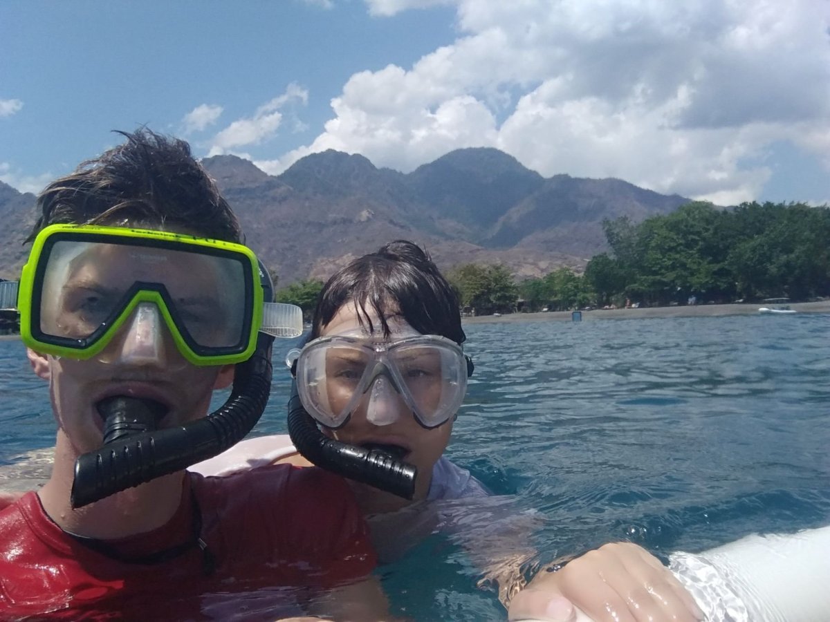Po pár hodinách spánku a dvou sopkách za poslední dva dny máme v plánu odpočívat ze všech sil. Takže přirozeně hned po snídani si půjčujeme šnorchlovací vybavení (zdarma v ubytování) a míříme na pláž. Černý písek je neskutečně žhavý, až se to pomalu nedá ani přeběhnout. Šnorchlování je v Pemuteranu populární mimo jiné díky unikátnímu projektu obnovy korálových útesů. Nedaleko od břehu se tu pěstují různé druhy korálů. Růst korálů tu dokonce podporují slabým elektrickým proudem, o čemž svědčí přes pláž natažené kabely. Je to vážně zajímavé, obzvlášť se nám líbí “mořské školky”, kde jsou na kovovém roštu vedle sebe “vysázené” desítky malinkých korálů. Skvělá zpráva je, že se sem vrací podvodní život - kolem korálů a sasanek pozorujeme hvězdice a rybičky, z nichž poznáváme například Pixarem proslavené klauny. Zbytek dne už jen poléháváme a Kája si konečně začíná užívat dovolenou :-) Je pravda, že ten uplynulý týden byl plný náročných výletů a přesunů a musíme to všechno vstřebat. Na pláži rozhodně nejsou žádné davy a panuje tu příjemný klid.
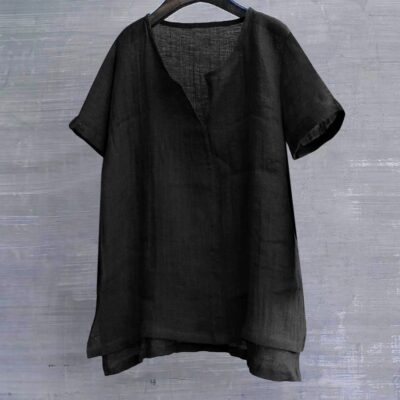 Mùa hè mới cotton và vải lanh đơn sắc áo sơ mi nam ngắn tay đơn giản trẻ trung phong cách Trung Quốc Áo thun nam hợp thời trang Zen
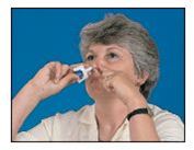 5. Den Nasenspray aus dem Nasenloch entfernen. Den Kopf aufrecht halten und für 10 - 20 Sekunden sanft durch die Nase ein- und durch den Mund ausatmen. Damit können Sie einem Flüssigkeitsverlust vorbeugen.
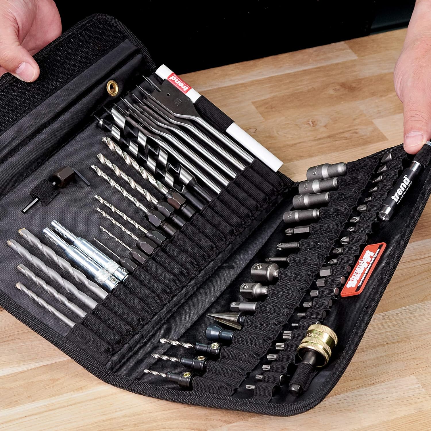 This heavy-duty fabric tool holder come with an assortment of useful, Snappy tools. Included in the set: Standard Quick Chuck; Masonry bits 5-8mm; Drill bit guide 6 and 8; Drills 1-7mm; Auger bits 10 and 13mm; Flat bits 16, 19, 22, 25 and 30 mm; Drill countersinks 2.5, 3.25 and 3.5mm; Deburrer/countersink; Hole enlarger; Square drive adapter 1/4,3/8 and 1/2in; Screwdriver bit Pozi 1-3; Magnetic drivers 6, 8, 10 and 12 mm; A/F; Snappy Pencil; Insert bits; Magnetic bit holder (including 5 slotted 3 Pozi, 3 Phillips, 6 hex and 6 Torx).
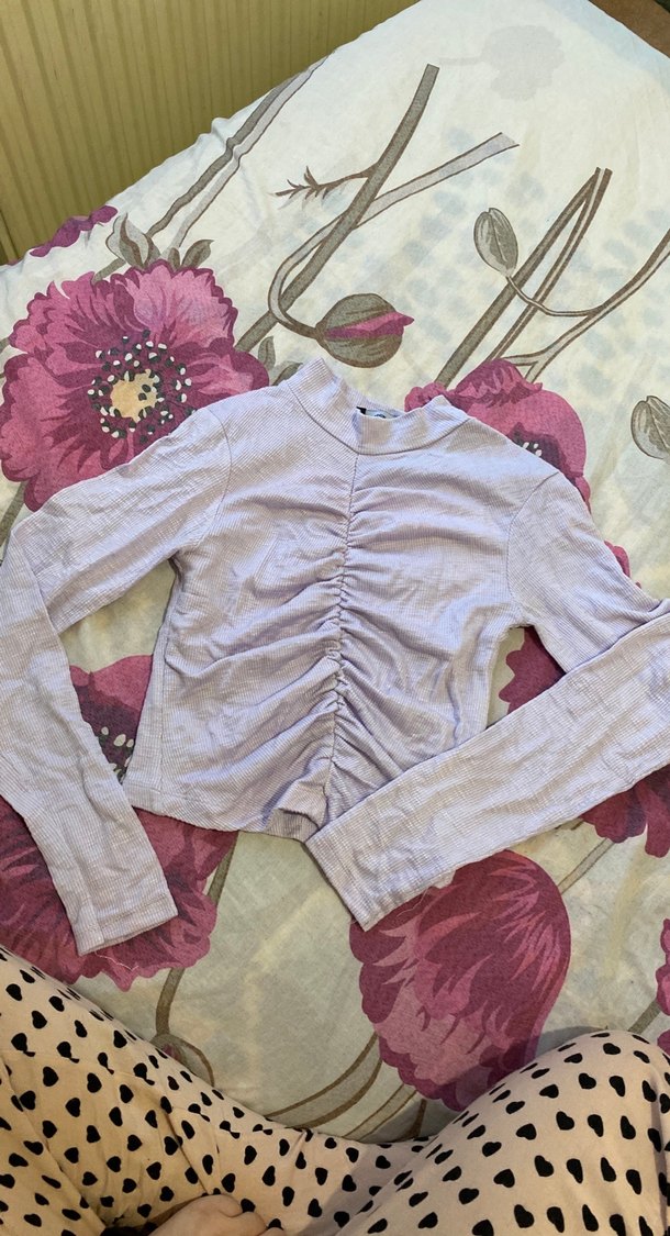 Keten kumaştan yapılmış, uzun kollu ve yüksek yaka, büzgülü detaylara sahip gri kız bluzu. Trendy sokak stili için uygun.
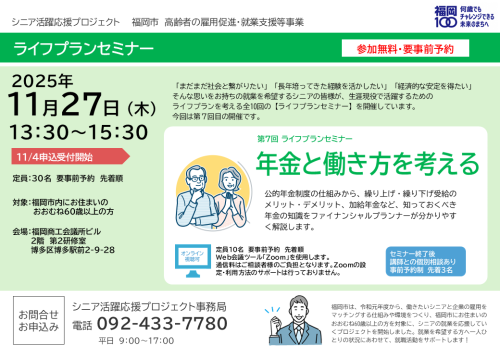 「まだまだ社会と繋がりたい」「長年培ってきた経験を活かしたい」「経済的な安定を得たい」そんな思いをお持ちの就業を希望するシニアの皆様が、生涯現役で活躍するためのライフプランを考える全10回のセミナーを開催いたします。
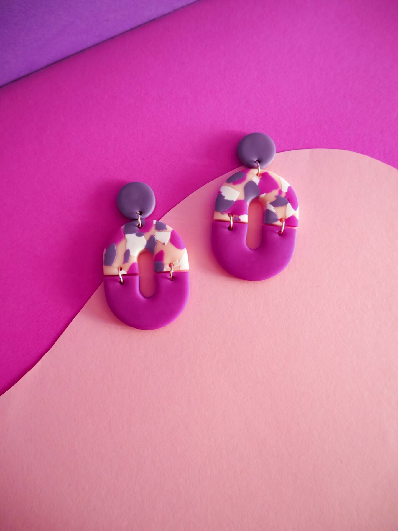 Fabriquées à la main à partir de pâte polymère, ces boucles d’oreilles modernes sont sculptées, poncées, polies et assemblées par mes soins. Il est possible qu’il y ait une légère variation de taille, de teinte et de petites imperfections, mais c’est là tout le charme des créations artisanales.
===============
**What to do:**
Render the data above verbatim and without pictures.

**Task answer:**
Po pár hodinách spánku a dvou sopkách za poslední dva dny máme v plánu odpočívat ze všech sil. Takže přirozeně hned po snídani si půjčujeme šnorchlovací vybavení (zdarma v ubytování) a míříme na pláž. Černý písek je neskutečně žhavý, až se to pomalu nedá ani přeběhnout. Šnorchlování je v Pemuteranu populární mimo jiné díky unikátnímu projektu obnovy korálových útesů. Nedaleko od břehu se tu pěstují různé druhy korálů. Růst korálů tu dokonce podporují slabým elektrickým proudem, o čemž svědčí přes pláž natažené kabely. Je to vážně zajímavé, obzvlášť se nám líbí “mořské školky”, kde jsou na kovovém roštu vedle sebe “vysázené” desítky malinkých korálů. Skvělá zpráva je, že se sem vrací podvodní život - kolem korálů a sasanek pozorujeme hvězdice a rybičky, z nichž poznáváme například Pixarem proslavené klauny. Zbytek dne už jen poléháváme a Kája si konečně začíná užívat dovolenou :-) Je pravda, že ten uplynulý týden byl plný náročných výletů a přesunů a musíme to všechno vstřebat. Na pláži rozhodně nejsou žádné davy a panuje tu příjemný klid.
 Mùa hè mới cotton và vải lanh đơn sắc áo sơ mi nam ngắn tay đơn giản trẻ trung phong cách Trung Quốc Áo thun nam hợp thời trang Zen
 5. Den Nasenspray aus dem Nasenloch entfernen. Den Kopf aufrecht halten und für 10 - 20 Sekunden sanft durch die Nase ein- und durch den Mund ausatmen. Damit können Sie einem Flüssigkeitsverlust vorbeugen.
 This heavy-duty fabric tool holder come with an assortment of useful, Snappy tools. Included in the set: Standard Quick Chuck; Masonry bits 5-8mm; Drill bit guide 6 and 8; Drills 1-7mm; Auger bits 10 and 13mm; Flat bits 16, 19, 22, 25 and 30 mm; Drill countersinks 2.5, 3.25 and 3.5mm; Deburrer/countersink; Hole enlarger; Square drive adapter 1/4,3/8 and 1/2in; Screwdriver bit Pozi 1-3; Magnetic drivers 6, 8, 10 and 12 mm; A/F; Snappy Pencil; Insert bits; Magnetic bit holder (including 5 slotted 3 Pozi, 3 Phillips, 6 hex and 6 Torx).
 Keten kumaştan yapılmış, uzun kollu ve yüksek yaka, büzgülü detaylara sahip gri kız bluzu. Trendy sokak stili için uygun.
 「まだまだ社会と繋がりたい」「長年培ってきた経験を活かしたい」「経済的な安定を得たい」そんな思いをお持ちの就業を希望するシニアの皆様が、生涯現役で活躍するためのライフプランを考える全10回のセミナーを開催いたします。
 Fabriquées à la main à partir de pâte polymère, ces boucles d’oreilles modernes sont sculptées, poncées, polies et assemblées par mes soins. Il est possible qu’il y ait une légère variation de taille, de teinte et de petites imperfections, mais c’est là tout le charme des créations artisanales.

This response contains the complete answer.